> [TASK BRIEF]:
Transcribe only the lines in the data below falling between the line with "23 Stardust 79.7%" and the line with "5907942 & 3720707", including those two lines, and leave out any picture.

> [DATASET EXCERPTS]:
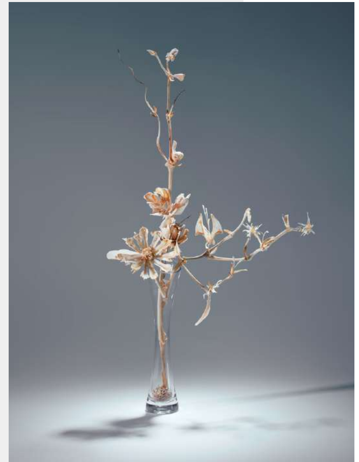
Ikebana 1, 2022 Poultry bones
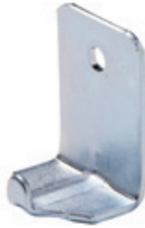
Pt. # 700203
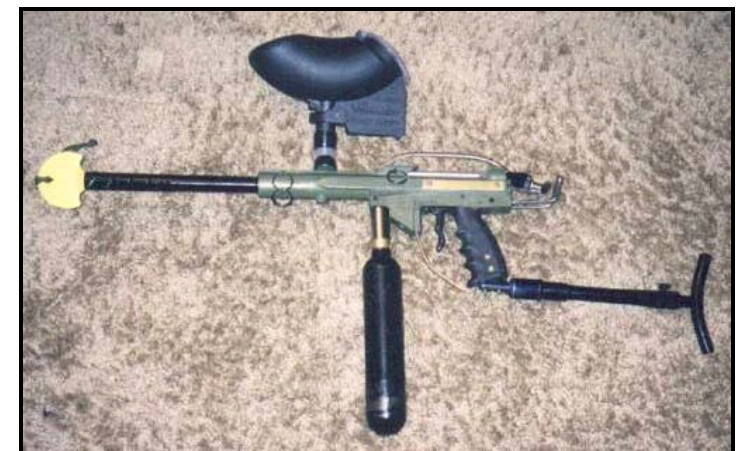
Figure 2: Paintball Marker with a Vertical Bottle Attachment

Paintball marker propellant – propellant consists of CO<sub>2</sub> cylinder, air cylinder, long barrel pump-action, and high pressure or nitro bottles. Propellant cylinders are either vertically or horizontally attached to the paintball marker. A horizontally attached cylinder is also called a bottom line bottle attachment.
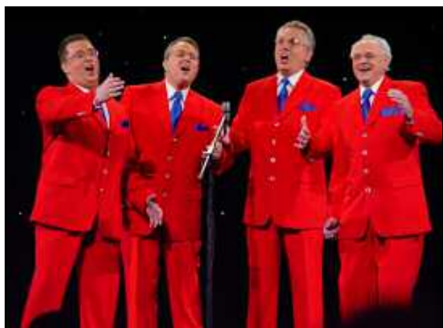
23 Stardust 79.7%
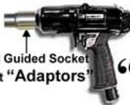
Pulse tool Guided Socket With Socket “Adaptors”
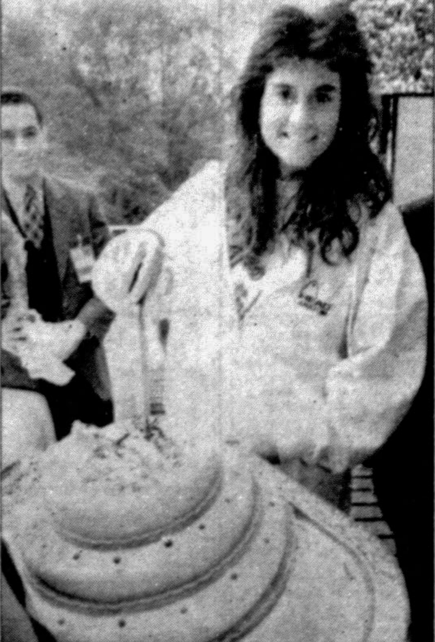
Gabriela Sabatini of Argentina celebrates her 25th birthday at the start of the Berlin international tennis tournament on May 16. She was presented a cake upon her arrival.
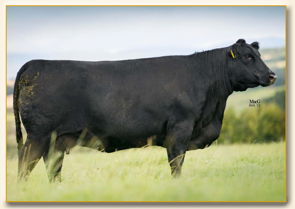
HW KAMARA W786
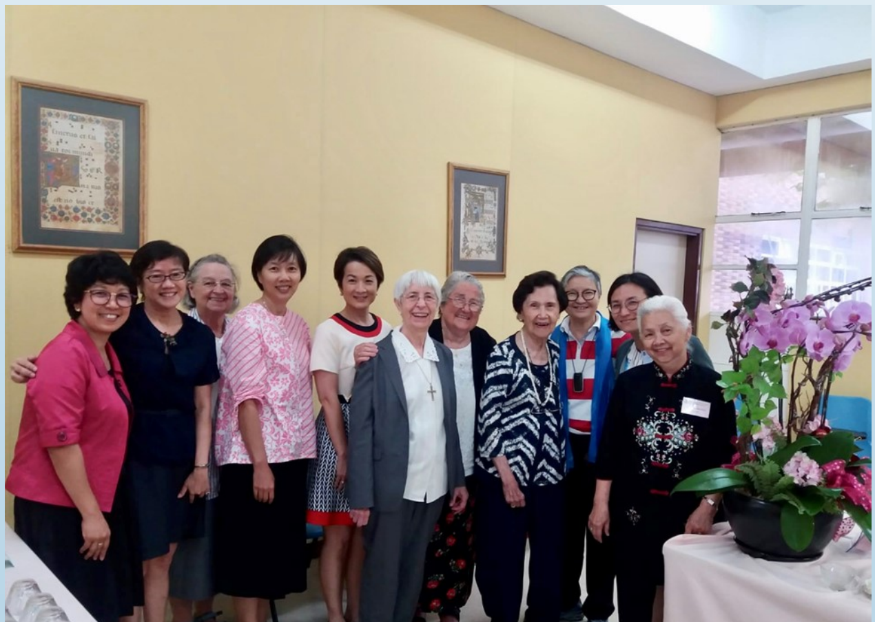
Tea reception at speech day.
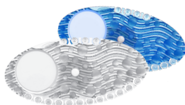
5907942 & 3720707
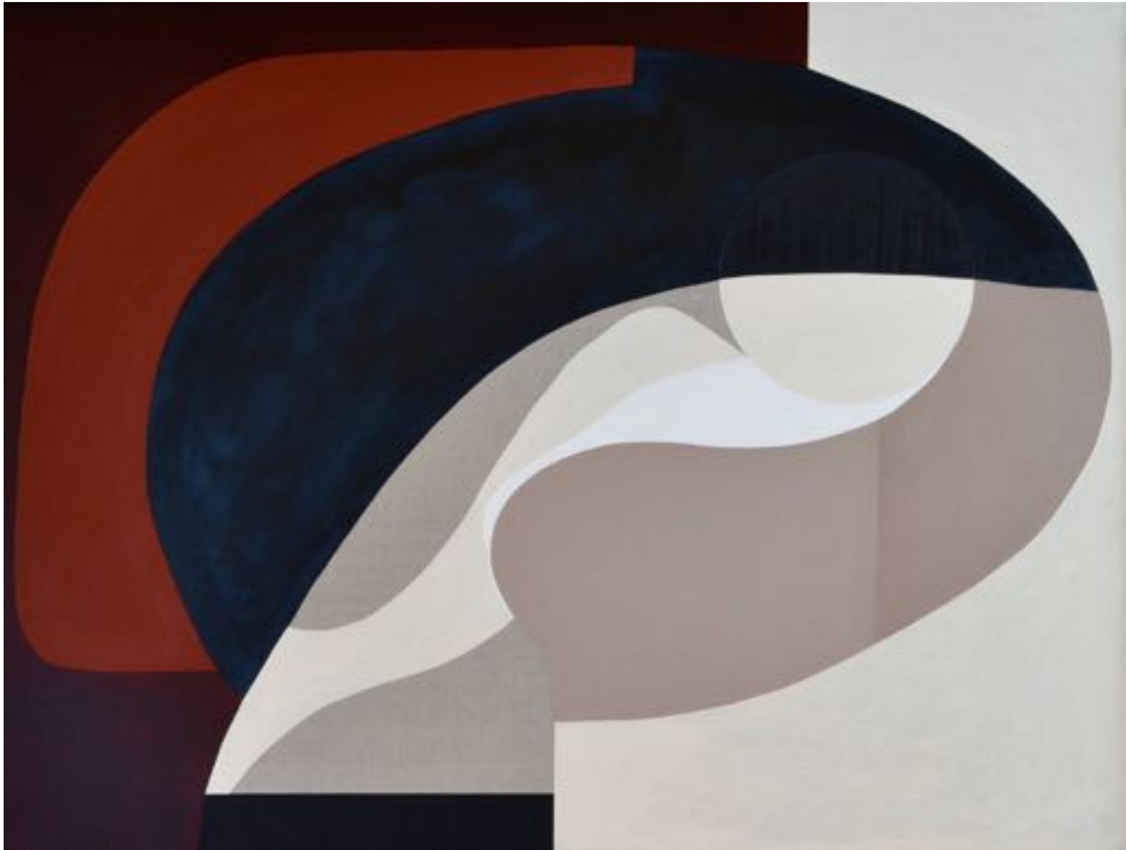
Lacuna, 2018 900mm x 1200mm (unframed HxW) 930mm x 1230mm x 56mm (framed HxWxD) Oil on Italian Linen Canvas, transparent primed raw linen $2,850
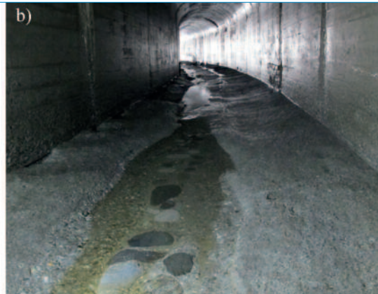
Figure 2. (a) Schematic view of an in-stream reservoir with sediment bypassing [7] and (b) abraded concrete invert of the Runcahez SBT, Switzerland
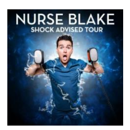
Nurse Blake: Shock Advised Tour
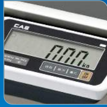
Large LCD display
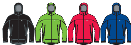
BLACK FERN FIESTA SAPPHIRE
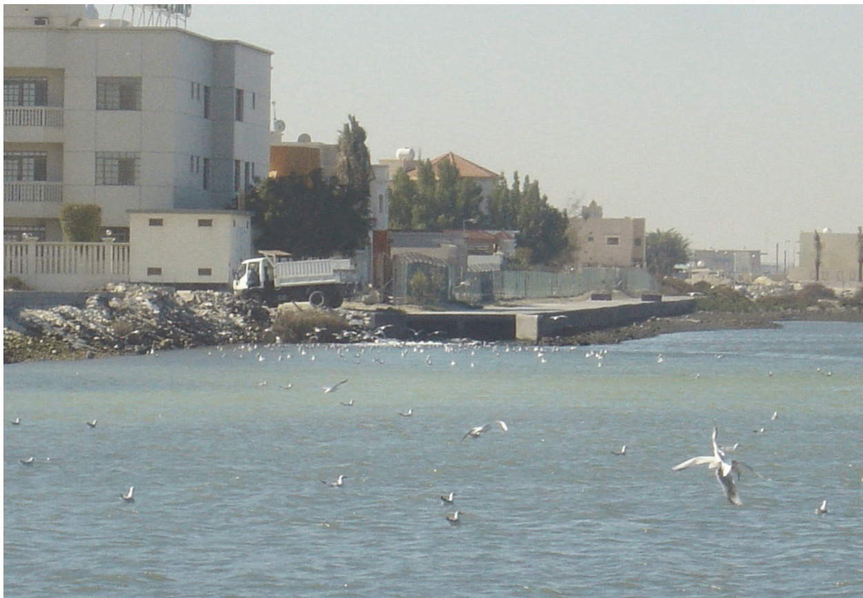
Fig. 3. The outfall of Tubli Water Pollution Control Centre, the main sewage treatment plant in Bahrain.

Sewage effluents are major sources of coastal pollution in Bahrain. Several sewage treatment plants varying in size and degree of treatment are discharging effluents to the coastal and subtidal areas in Bahrain. The main one is Tubli Water Pollution Control Centre (TWPCC), which discharges around 160,000 m 3 day -1 of treated effluents into the shallow water of Tubli Bay (Fig. 3). These effluents are characterized by high-suspended solid reaching up to 290 FTU. Seawaters adjacent the TWPCC are distinguished by high load of nutrients such as ammonia, nitrate and phosphate with concentrations reaching 1.40, 0.90, and 3.60 mg l -1 respectively. In particular, phosphate largely exceeded the maximum value of 2.0 mg l -1 recommended in the Bahraini effluent standards (Naser, 2010a).
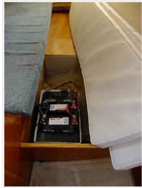
Beneteau 285 - Aft Berth Under Storage - House & Starter Batteries
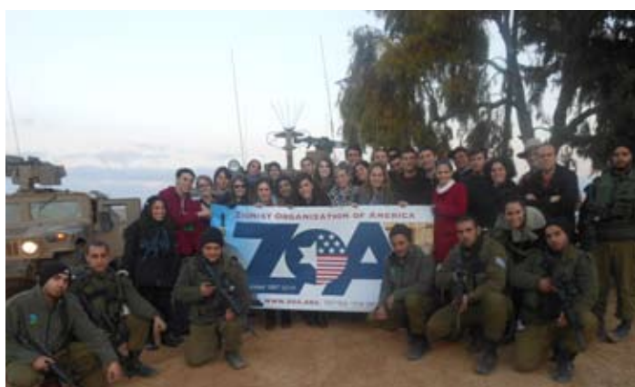
ZOA students posing with Israeli soldiers on the border with Lebanon after delivering chocolate and other snacks
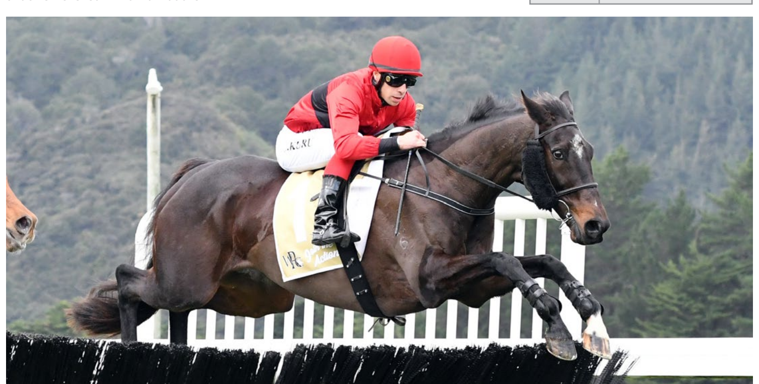
The Shackler on his way to victory at Trentham
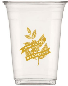
16 oz. Recyclable PET Single-Use Cup
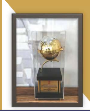
Rajasthan State Award for Export Excellence 2016-17
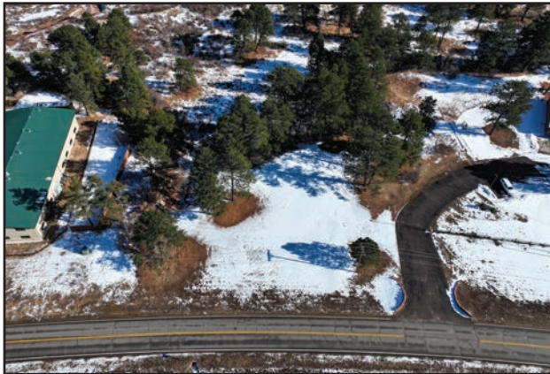
Boundary lines are for visual representation only and are not exact. Please contact broker for county records and legal description.

I-25 Exit 172: .50 Miles Larkspur Commercial Core .30 Miles
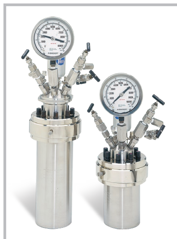
1200 mL Fixed Head, and 600 mL Moveable Reaction Vessels.
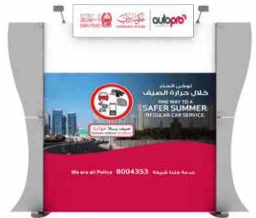
Backdrop with Header & wings

> [RESPONSE AREA]:
23 Stardust 79.7%
Pulse tool Guided Socket With Socket “Adaptors”
Gabriela Sabatini of Argentina celebrates her 25th birthday at the start of the Berlin international tennis tournament on May 16. She was presented a cake upon her arrival.
HW KAMARA W786
Tea reception at speech day.
5907942 & 3720707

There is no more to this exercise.